On 23 November 2023 15:13:45 GMT, Peter Zijlstra <peterz@xxxxxxxxxxxxx> wrote:
>On Thu, Nov 23, 2023 at 03:05:15PM +0000, David Woodhouse wrote:
>> On 23 November 2023 15:01:19 GMT, Peter Zijlstra <peterz@xxxxxxxxxxxxx> wrote:
>> >On Thu, Nov 23, 2023 at 09:00:41AM +0000, David Woodhouse wrote:
>> >> Is this telling me that I'm no longer allowed to take a read_lock() in
>> >> a callback for an HRTIMER_MODE_ABS_HARD timer? Is that intentional?
>> >>
>> >> If I must, I can probably cope with this by using read_trylock()
>> >> instead. The object being locked is a cache, and we opportunistically
>> >> try to use it from the fast path but fall back to a slow path in
>> >> process context which will revalidate and try again. So if someone
>> >> *has* taken the write lock, it's a fairly safe bet that the cache is
>> >> going to be invalidated and we were going to take the slow path anyway.
>> >>
>> >> [ 62.336965] =============================
>> >> [ 62.336973] [ BUG: Invalid wait context ]
>> >> [ 62.336992] 6.7.0-rc1+ #1437 Tainted: G I
>> >> [ 62.337001] -----------------------------
>> >> [ 62.337008] qemu-system-x86/1935 is trying to lock:
>> >> [ 62.337017] ffffc900018fecc0 (&gpc->lock){....}-{3:3}, at: kvm_xen_set_evtchn_fast+0xe7/0x460 [kvm]

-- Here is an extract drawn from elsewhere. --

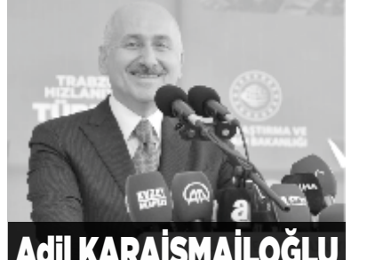
Adil KARAIŞMAİLOĞLU Ulaştırma ve Altyapı Bakanı Trabzon Milletvekili Adayı

Ulaştırma ve Altyapı Bakanı Adil Karaismailoğlu ise muhteşem bir eserin açılışını gerçekleştirdiklerini belirterek şu ifadeleri kullandı; "Hemen yukarıdaki Arafilboyu'nda büyüdük. Buradan aldığımız kokuyu enerjile büyüdük. O yüzden bize her yer Trabzon diyoruz. Çok büyük planlarımız var. Türkiye tarih yazıyor. Hayalleri gerçeğe dönüştürüyoruz. Hayalleri gerçeğe dönüştürmeye devam edeceğiz. Bakınız Zigana Tüneli 1080 rakımlara indirmiştik. Bugüne geldiğimizde 14 bin metrelik bir tünelden bahsediyoruz. Eser ve hizmet firtinası estiriyoruz. Son 10 gündür yaptığımız izliyorsunuz. Trabzon için çok büyük hedeflerimiz var. Kanuni Bulvarı bitiyor. Trabzon'a nefes aldiracak Güney Çevre Yolu'nun temelini attık. Trabzon bunları hak ediyor. AK Partili bir Belediye olduğu için keyifli açılışlara katılıyoruz. İstanbul Ankara'da ne oldu? Hastanenin yapılmakta olan yolunu Belediye durdurulabilir mi? Yapılan yatırımın üzerine hafriyat döken bir Belediyeden bahsediyoruz. Ya yapılan hizmetler takdir edilecek ya da ülkeyi karıştırmak isteyenlere yetki verilecek. Vatandaşın derdiyle dertlenmeyen bir belediye olabilir mi? İstanbul'da Ankara'da Adana'da bütçeler var ama ortada hizmet yok.

>> >> [ 62.337133] other info that might help us debug this:
>> >> [ 62.337142] context-{2:2}
>> >> [ 62.337148] 2 locks held by qemu-system-x86/1935:
>> >> [ 62.337156] #0: ffff888108f780b0 (&vcpu->mutex){+.+.}-{4:4}, at: kvm_vcpu_ioctl+0x7f/0x730 [kvm]
>> >> [ 62.337239] #1: ffffc900018ff2d8 (&kvm->srcu){.?.+}-{0:0}, at: kvm_xen_set_evtchn_fast+0xcd/0x460 [kvm]
>> >> [ 62.337339] stack backtrace:
>> >> [ 62.337346] CPU: 7 PID: 1935 Comm: qemu-system-x86 Tainted: G I 6.7.0-rc1+ #1437
>> >> [ 62.337370] Hardware name: Intel Corporation S2600CW/S2600CW, BIOS SE5C610.86B.01.01.0008.021120151325 02/11/2015
>> >> [ 62.337384] Call Trace:
>> >> [ 62.337390] <IRQ>
>> >> [ 62.337395] dump_stack_lvl+0x57/0x90
>> >> [ 62.337407] __lock_acquire+0x7bb/0xbb0
>> >> [ 62.337416] ? __lock_acquire+0x4f0/0xbb0
>> >> [ 62.337425] lock_acquire.part.0+0xad/0x240
>> >> [ 62.337433] ? kvm_xen_set_evtchn_fast+0xe7/0x460 [kvm]
>> >> [ 62.337512] ? rcu_is_watching+0xd/0x40
>> >> [ 62.337520] ? lock_acquire+0xf2/0x110
>> >> [ 62.337529] __raw_read_lock_irqsave+0x4e/0xa0
>> >> [ 62.337538] ? kvm_xen_set_evtchn_fast+0xe7/0x460 [kvm]
>> >> [ 62.337604] kvm_xen_set_evtchn_fast+0xe7/0x460 [kvm]
>> >> [ 62.337669] ? kvm_xen_set_evtchn_fast+0xcd/0x460 [kvm]
>> >> [ 62.337734] xen_timer_callback+0x86/0xc0 [kvm]
>> >
>> >xen_timer_callback is HRTIMER_MODE_ABS_HARD, which means it will still
>> >run in IRQ context for PREEMPT_RT.
>> >
>> >OTOH read_lock_irqsave() is not a raw spinlock and will be turned into a
>> >blocking lock.
>> >
>> >This then gives scheduling from IRQ context, which is somewhat frowned
>> >upon.
>> >
>> >Warning is real and valid.
>>
>>
>> ... or at least will be when PREEMPT_RT turns the read_lock into a mutex?
>
>Right, this check specifically validates the RT lock nesting rules.
>
>> But there is no raw version of read_lock(). Can we have one please?
>
>Should be possible, but is somewhat non-trivial, it is very easy to
>create significant latencies with RW locks. Definitely not something I'm
>going to be able to do in a hurry.
>
>Also, I suspect Thomas is going to strongly suggest not going down that
>road and looking if this can be solved differently.

That's the "If I must…" paragraph above. I'll hack it up. Thanks.